Com um ar de superioridade, o mais novo dos dois falou: “espere aí” - e tirou o celular do bolso. Digitou algo lá no Google para fazer com que eu me convencesse definitivamente.
Notei que ele ia ficando cada vez mais vermelho e desconcertado com o resultado da pesquisa. Digitou de novo, de novo e de novo e eu só olhando. Já meio sem graça falou para seu amigo: “É Pablo – aqui diz que a capital da Galícia é realmente Santiago de Compostela”.
- Bem, vocês dois acabaram de economizar uma grana, falei.
Em meio ao silêncio que se seguiu e notando o visível desconforto dos dois, pedi minha conta e despedi-me deles.
- É brasileiro, você venceu essa, mas nós vamos ganhar a Copa do Mundo este ano dentro da casa de vocês, disseram rindo.
- Não tem problema – nós já ganhamos cinco vezes e vocês só ganharam uma. Nós podemos deixar essa pra vocês, se quiserem – e retirei-me achando graça.

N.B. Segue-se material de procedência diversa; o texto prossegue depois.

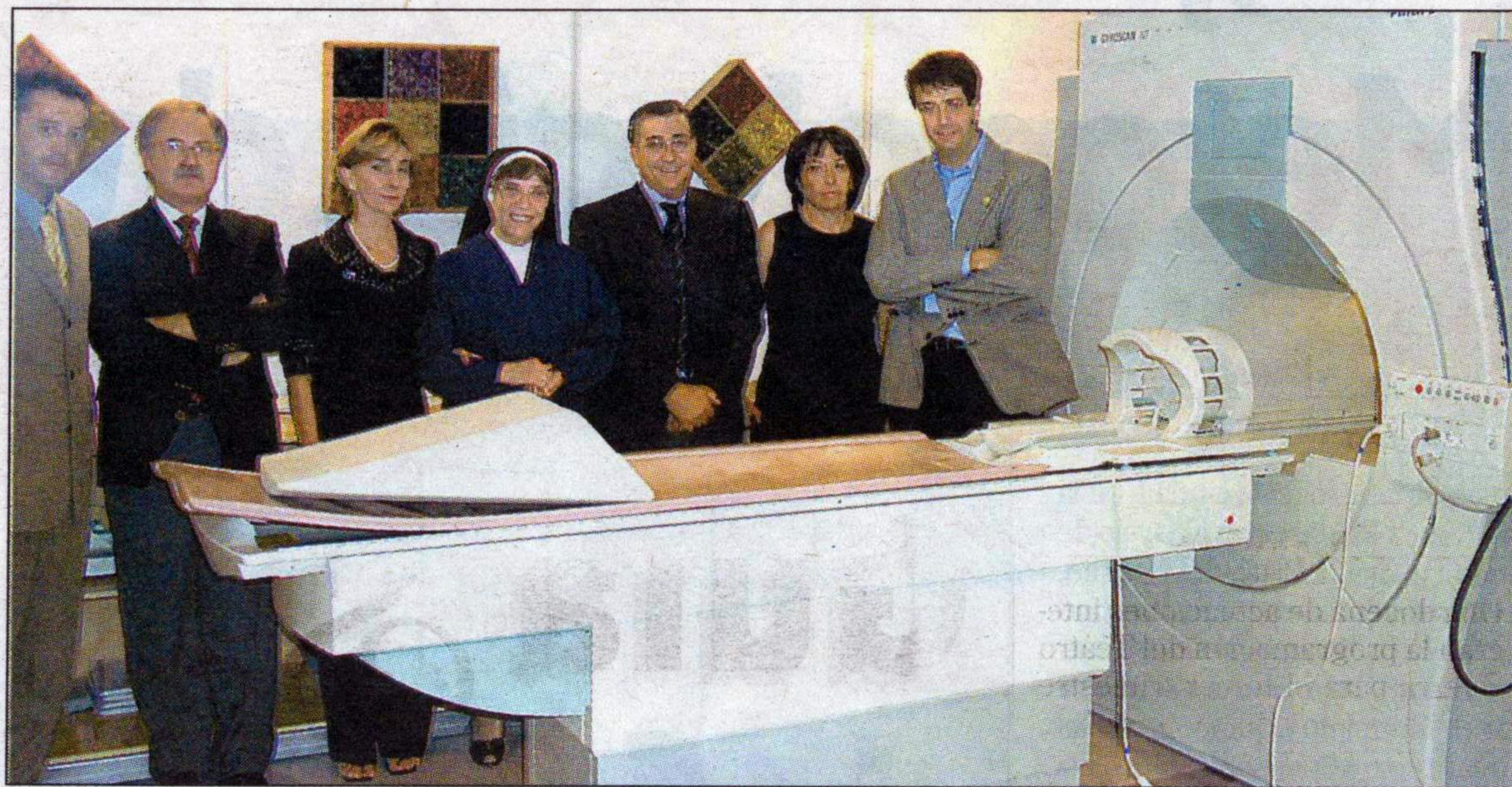
En la imagen, algunos de los asistentes a la inauguración junto a la nueva resonancia magnética.

Este grupo lleva trabajando en Murcia más de 15 años en estas labores y han logrado un reconocido prestigio.
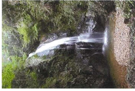
大山市 八曾の滝（山伏の滝）

（現状の各年齢階層における支援状況を答弁いただいた後） 質問：今後、支援の一元化や中学卒業後から18歳未満までの支援の拡充など抜本的改善について副市長：各支援部署での連携強化を強め、対応していきたい。

Dormi muito bem naquela noite num albergue situado quase em frente à “Pulpería O Camiñante” e acordei bem disposto na manhã seguinte.
Por que O e não El Camiñante? – simplesmente porque estamos na Galícia onde o português se funde com o espanhol. Outro exemplo é A Coruña.
Minha meta hoje seria a cidade de Arzúa, 30 quilômetro à frente. Atravessei frondosos bosques onde predominava o perfume do eucalipto e passei por lindos povoados como Casanova, Leboreiro, Furelos e Melide, onde me detive na imperdível “Pulpería Ezequiel”, talvez a mais conhecida de todo o Caminho.
Prossegui para Boente e Castañeda e quando faltavam cinco quilômetros para o meu destino, passei por um lugarejo encantador após cruzar uma antiga ponte romana, onde dezenas de peregrinos se banhavam e descansavam sobre a grama para aproveitar aquele “calor” de 15 graus. Era Ribadiso da Baixo (é da Baixo mesmo e não do Baixo).
Seu antigo albergue municipal, que no passado chegou a ser um hospital para peregrinos, fica às margens do Rio Iso (o nome Ribadiso vem de riba+Iso, ou “às margens do Iso”). Resolvi ficar ali.
Fui tomar meu vinho e jantar no único restaurante existente, exatamente ao lado do albergue. Notei que na parede do restaurante lá estava ela: a bruxa. Por que os galegos gostam tanto assim da bruxa? Será que dá sorte pra eles? Na Idade Média não deu.
À noite, já na cama, vi dois rapazes e uma moça chegando e dirigindo-se ao dormitório de cima. Já passava muito das 22 horas e eles estavam bem animados, rindo à toa, sem respeitar os demais peregrinos. Botei a boca no trombone e mandei que ficassem quietos.
- Se vocês gostam de fazer o que querem, vão então para um hotel.
Mais alguns risinhos sufocados do trio enquanto subiam, mas ficou só nisso.
Adormeci em seguida pensando que no dia seguinte faria meu penúltimo trecho antes de chegar a Santiago de Compostela. Eu estava terminando o meu Caminho.